Kaján László, Kertész-Farkas Attila, Franklin Dino, Ivanova Neli, Kocsor András, Pongor Sándor
Bioinformatics Group, International Centre for Genetic Engineering and Biotechnology Padriciano 99, I-34012 Trieste, Italy.
Bioinformatics. 2006 Dec 1;22(23):2865-9. doi: 10.1093/bioinformatics/btl512. Epub 2006 Nov 7.
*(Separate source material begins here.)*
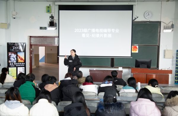为集中展示专业课程教学成果,搭建专业实践交流平台,1月9日上午,文学与新闻传媒学院《纪录片创作》作品交流会——“看见·纪录片影展”在硕勋楼A301顺利举办。宜宾学院教育教学质量评估中心专职教学督导员杨南翎,文新学院副院长罗红昌,讯影传媒公司总经理夏凌波,广播电视编导专业教师及学生代表参与活动。

Likelihood ratio approximants (LRA) have been widely used for model comparison in statistics. The present study was undertaken in order to explore their utility as a scoring (ranking) function in the classification of protein sequences.
We used a simple LRA-based on the maximal similarity (or minimal distance) scores of the two top ranking sequence classes. The scoring methods (Smith-Waterman, BLAST, local alignment kernel and compression based distances) were compared on datasets designed to test sequence similarities between proteins distantly related in terms of structure or evolution. It was found that LRA-based scoring can significantly outperform simple scoring methods.
似然比近似值(LRA)在统计学中已被广泛用于模型比较。本研究旨在探索其作为蛋白质序列分类中的评分(排名)函数的效用。
我们使用了一种基于两个排名最高的序列类别的最大相似度(或最小距离)得分的简单LRA。在旨在测试结构或进化方面远缘相关蛋白质之间序列相似性的数据集上,对评分方法(史密斯-沃特曼算法、BLAST、局部比对核和基于压缩的距离)进行了比较。结果发现,基于LRA的评分明显优于简单评分方法。